To participate, please register for the meeting. There you can indicate your plans to attend the meeting either in-person or remotely. If you wish to present a talk at the meeting, please submit an abstract.

 

Pikimo12-Digital-Poster.jpg

Pikimo12-Print-8x11-w-QRCode.pdf

09:00 Breakfast + Introduction

Morning Session

1 Searching for Lorentz violation and spin-gravity couplings in experiments

Lorentz violation has been a popular topic in recent years. We studied the linearized limits of the generic Lorentz-violating terms in curved spacetime and applied them to gravitational experiments. Three types of experiments, free-dropping, gravitational interferometer, and gravitational bound-state experiments, are studied. First constraints on certain new coefficients for Lorentz violation and spin-gravity couplings are extracted from them.

Speaker: Zonghao Li

Zonghao_Li_PIKIMO12.pdf

Zonghao_Li_PIKIMO12.pptx

2 Chirally-Enhanced Muon g-2 and Its Implications to Higgs-Related Observables

I introduce extensions of the Standard Model and a two-Higgs-doublet model with vectorlike leptons which generate chirally-enhanced contributions to the muon's anomalous magnetic moment, $(g-2)_{\mu}$. I show an additional $\tan^2\beta$ enhancement in the Higgs sector can generate up to two-orders of magnitude larger contributions to the magnetic moment while satisfying relavant constraints. These enhanced contributions can clearly explain the anomaly within $1\sigma$ for new lepton and Higgs masses up to tens of TeV, despite this heavy scale being currently unreachable at the LHC. Finally, I demonstrate a connection between a single parameter and $(g-2)_{\mu}$, $h \rightarrow \mu^{+} \mu^{-}$, $\mu^{+} \mu^{-} \rightarrow h h$ and $\mu^{+} \mu^{-} \rightarrow h h h$ observables, suggesting that $(g-2)_{\mu}$ can uniquely determine these Higgs-related processes.

Speaker: Keith Hermanek

Hermanek_PIKIMO_talk.pdf

3 Searching for Ultralight Dark Matter with Light

Ultralight dark matter (UDM) is a well motivated dark matter candidate. However, direct detection of UDM poses an experimental challenge due to the low energy scales and weak couplings involved. We propose to use optical microring resonators to search for UDM particles. The microring resonators not only have a high quality factor which produce large enhancements in signal power, but also can be made from non-linear dielectric materials which enable novel search channels. We study the sensitivity of microring resonator based searches to axion dark matter and dark photon dark matter sub-eV scale.

Speaker: Christina Gao

Gao_pikimo_microring.pdf

4 Cosmological Dark Photon Oscillations in Non-Minimal Dark Sectors

As many of us know, the cosmic microwave background has a black-body spectrum. This is confirmed by COBE-FIRAS data three decades ago with exact measurement and tiny error bars.

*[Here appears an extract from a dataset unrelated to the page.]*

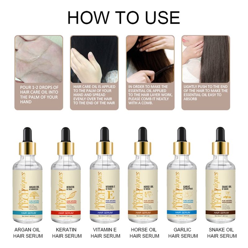 1.Vitamin E oil Hair serum from France. Benefits Helps In Hair Health. The antioxidant property of vitamin E reduces this cell damage and improves hair growth. Prevents Hair Loss. One study found out that vitamin E prevents hair loss, hair breakage and split ends. Contributes To Hair Shine. Balances Oil On The Scalp. 2.Argan Oil Hair from Moroccan serum 500ml Benefits Argan oil is good for your hair because it contains essential oils and fatty acids that are incredibly restorative to dry, damaged hair. Not only does it repair damaged hair, it helps to maintain healthy hair by keeping it supple, soft, and well-nourished. Heat from styling, salt from sweat, UV rays from sunlight. 3.Garlic oil Hair serum from Philippines Benefits The presence of selenium content in garlic helps boost blood circulation for maximum nourishment. It also helps cleanse hair follicles, strengthens them and prevents clogging, further curbing hair loss. Garlic helps calm aggravated scalp and treats issues like dandruff. 4.Keratin oil Hair serum from Spain Benefits Keratin Serum helps nourish your hair, repair past damage and protect against future damage. It contains Argan, Wheat Germ and Vitamin E oils, which work together to moisturize dry hair and bring back its gloss, softness and shine. 5.Snake oil Hair serum from India Benefits In addition to protecting hair from the air, snake oil is ideal to fight against hair loss, dandruff and greatly helps the capillary growth. Snail oil fortifies the hair and restores the thickness of the hair too fine. It deeply rehydrates the hair 6.Horse oil Hair serum from Russia Benefits Now one of the top selling beauty products in Japan, Hong Kong, Taiwan, and mainland China, horse oil is used to improve skin elasticity, wrinkles, acne, sunburn, and eczema. It also keeps the skin moisturized and balances tone.

However, the existence of new physics, such as the photon-dark photon oscillation with non-zero kinetic mixing, will distort the black body spectrum. Based on this character, and the fact that the deviation of CMB from the black body spectrum is highly constrained, we can give strict constraints on the new physics, for example, the dark photon parameter space.

In our work, we extend the discussion to the non-minimal dark sector and strongly constrain the millicharged particles(MCPs) parameter space. We will also discuss how the existence of MCPs will change the FIRAS bound of the minimal dark photon model.

Speaker: Mr Xucheng Gan (New York University)

PIKIMO12_XG_Pre.pdf

5 Searching for Dark Matter with SRF Cavities

Advancements in superconducting radio-frequency (SRF) cavity design have the potential to enable searches for beyond the Standard Model physics with weak coupling to photons. To motivate the use of SRF cavities as particle detectors, we will discuss the generic properties of these cavities in the context of detecting small photon couplings. Next, we will describe the application of SRF cavity searches to two dark matter models, axion-like particles (ALPs) and primordial black holes (PBHs). Examining the resonant sensitivity of a single cavity to ALP-mediated light-by-light scattering, we will show that with feasible cavity parameters, future experiments can probe previously unexplored ALP parameter space. We will then discuss the potential for indirect detection of PBHs using cavities as gravitational wave detectors. We argue that for models of PBHs which favor inspirals, PBH mergers can emit gravitational waves that are potentially detectable by future SRF cavity experiments.

Speaker: Michael Wentzel

pikimo-wentzel.ppsx

pikimo-wentzel.pptx

10:45 Break

Noon Session

6 Cosmologically Degenerate Fermions

Even in the total absence of thermal kinetic energy, fermionic dark matter must have nonzero momentum due to the Pauli degeneracy pressure. As the fermions were inevitably denser at higher redshifts, a typical fermion may gain a fermi momentum that can exceed its mass. I will talk about the impacts of the transition between nonrelativistic and relativistic behaviour, as revealed by measurements of DNeff and the matter power spectrum. Minimal fermion mass bound will be presented, for a given fraction of the dark matter energy density the fermionic dark matter is occupying. I will also remark on implications for direct detection and suggest models of dark sectors that may give rise to cosmologically degenerate fermions.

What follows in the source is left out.